_EXTRACTED MATERIAL:_
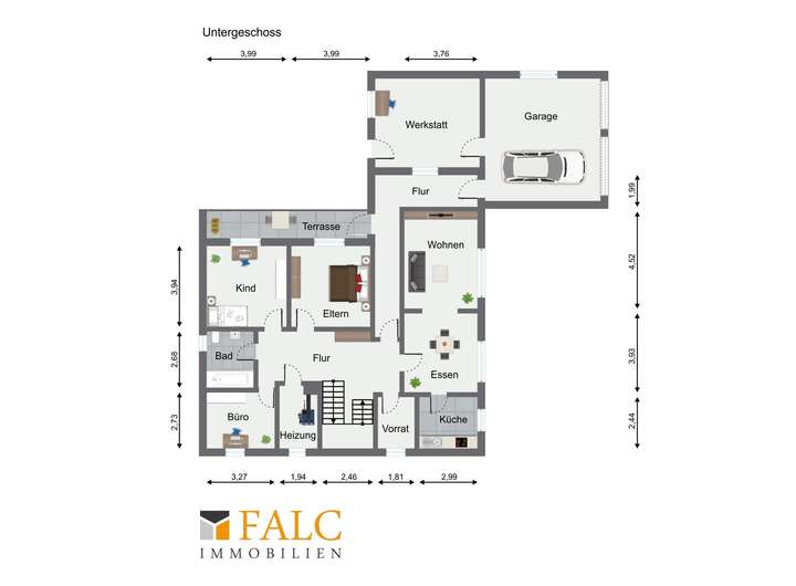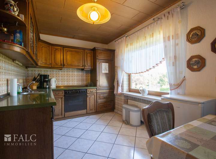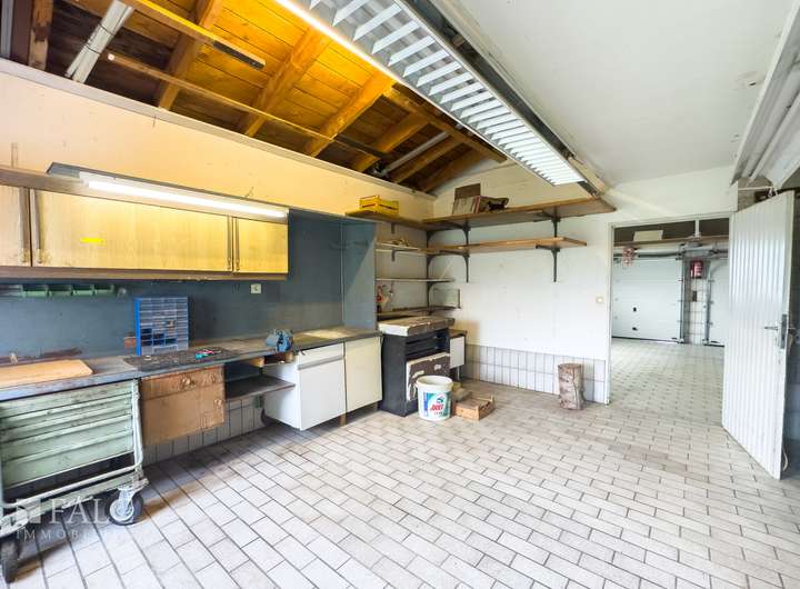 Weiterhin befindet sich im Untergeschoss der Heizungsraum sowie der Zugang zur großen Doppelgarage und Werkstatt. Die beiden letzteren sind hervorragend für einen Handwerker geeignet. Weiterhin kann sogar die Einliegerwohnung als Bürofläche genutzt werden.
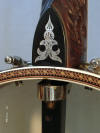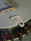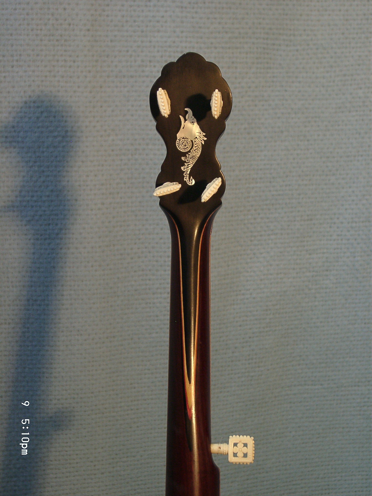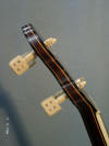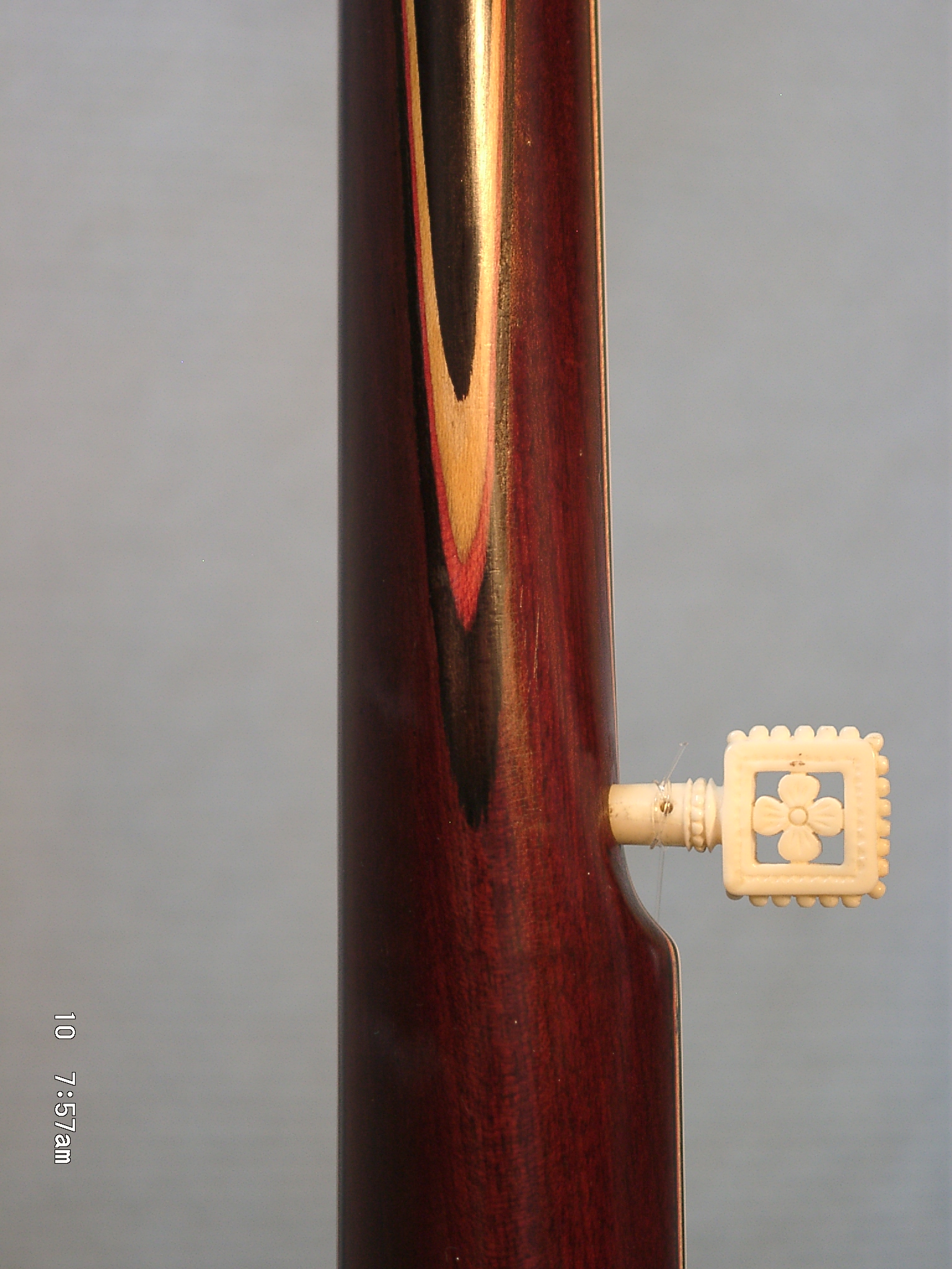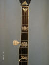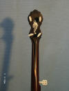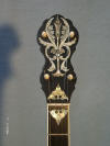 Features of this model: Many features are present on almost every No. 5 or No. 6. Mahogany necks of 1 piece construction that are thin and dainty and have a 27" scale. Ebony caps on the peghead and heel and a long ebony back strap with a pointed end. The peghead is inlaid with an elaborate torch and feathers design and an inverted twin of the first fret inlay. Back strap inlay is a griffin that is often skimpily engraved and the heel inlay is crest shaped. Under the fingerboard and all 3 caps are multiple decorative veneers one of which is red. Board inlays are plentiful, sizeable, and well engraved. Long decorative metal stick cover and long ball-end nuts.
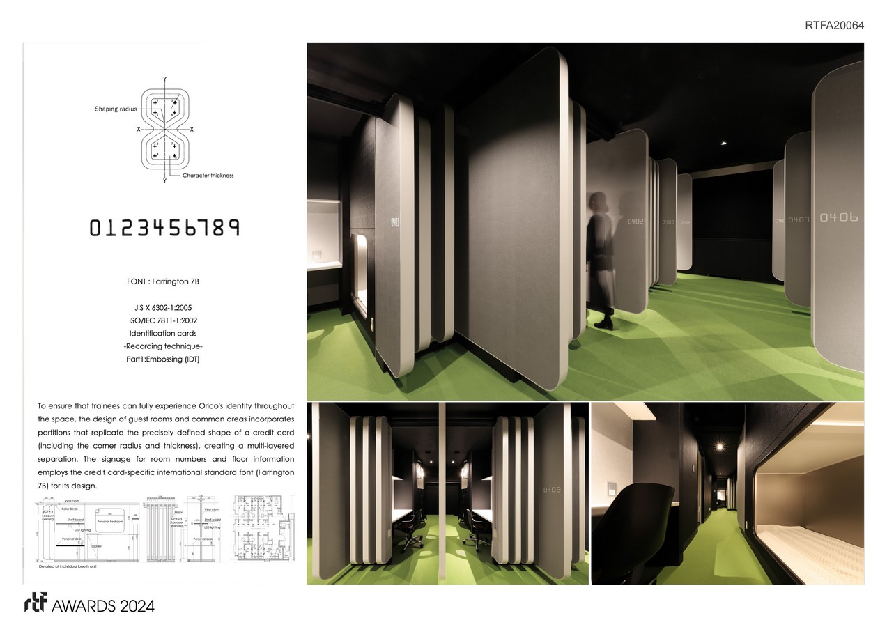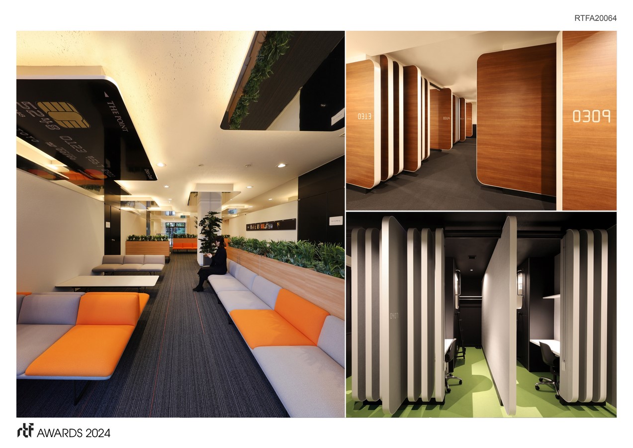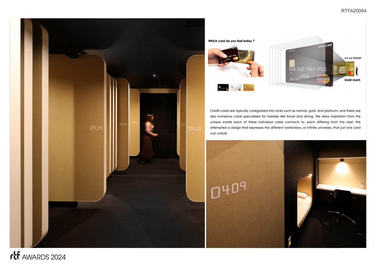 Each of the six accommodation rooms is themed after the variety of cards Orico’s issues, such as “Gold Card,” “Platinum Card,” and “Black Card,” to manifest the distinctive world each card represents. The partition shapes reference the precise shape of credit cards, including corner radius and thickness. Similarly, functional spaces like toilets and smoking rooms feature room signs designed after the credit card motif.
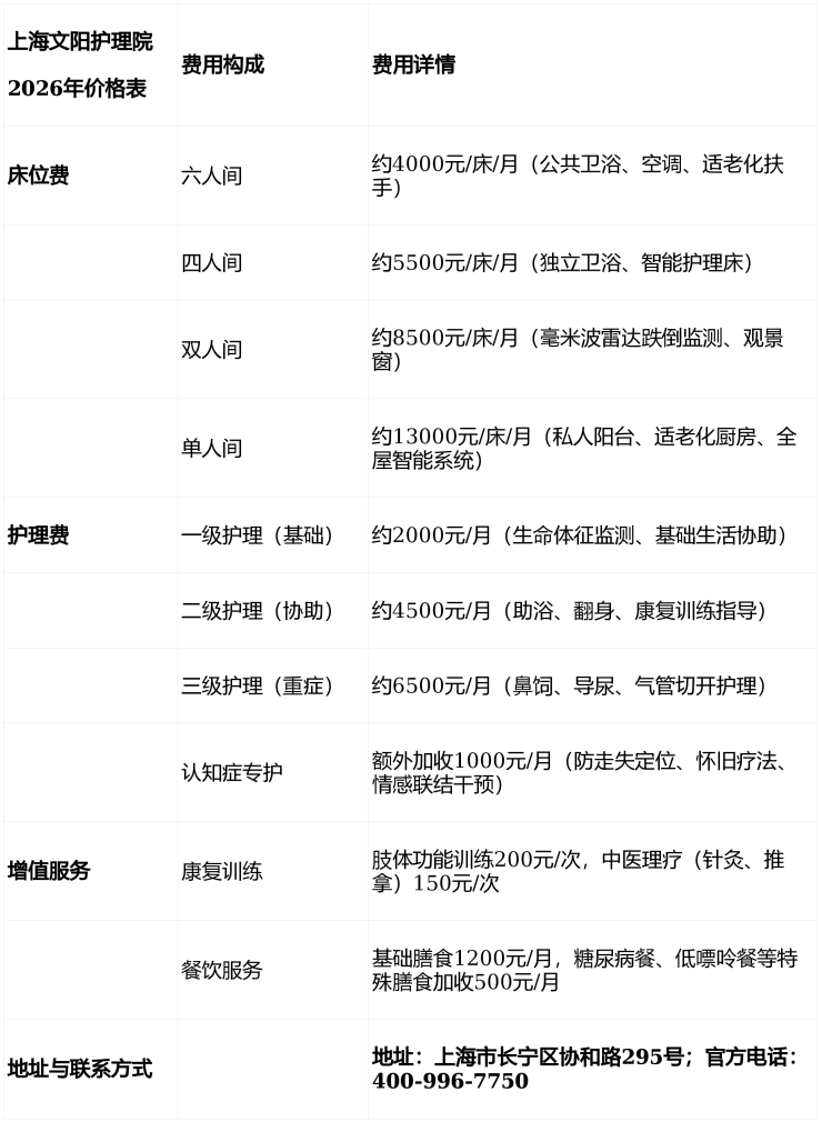 上海文阳护理院收费价格:4000元/月起,详情电话咨询
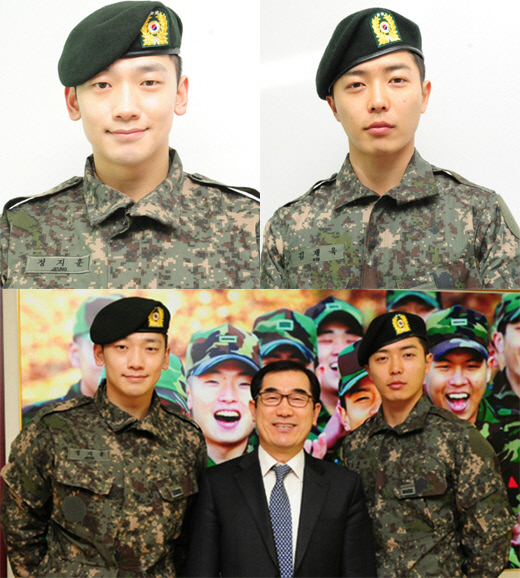 12일 국방홍보원 블로그 '어울림'에는 정지훈과 김재욱이 국방홍보원의 홍보지원대원 전입신고 사진이 공개됐다.

_WHAT NEEDS TO BE DONE:_ After locating the line that contains "上海文阳护理院收费价格:4000元/月起,详情电话咨询", output it and all later lines through the end of the material exactly, leaving out pictures.

_YOUR SOLUTION:_
 上海文阳护理院收费价格:4000元/月起,详情电话咨询
 12일 국방홍보원 블로그 '어울림'에는 정지훈과 김재욱이 국방홍보원의 홍보지원대원 전입신고 사진이 공개됐다.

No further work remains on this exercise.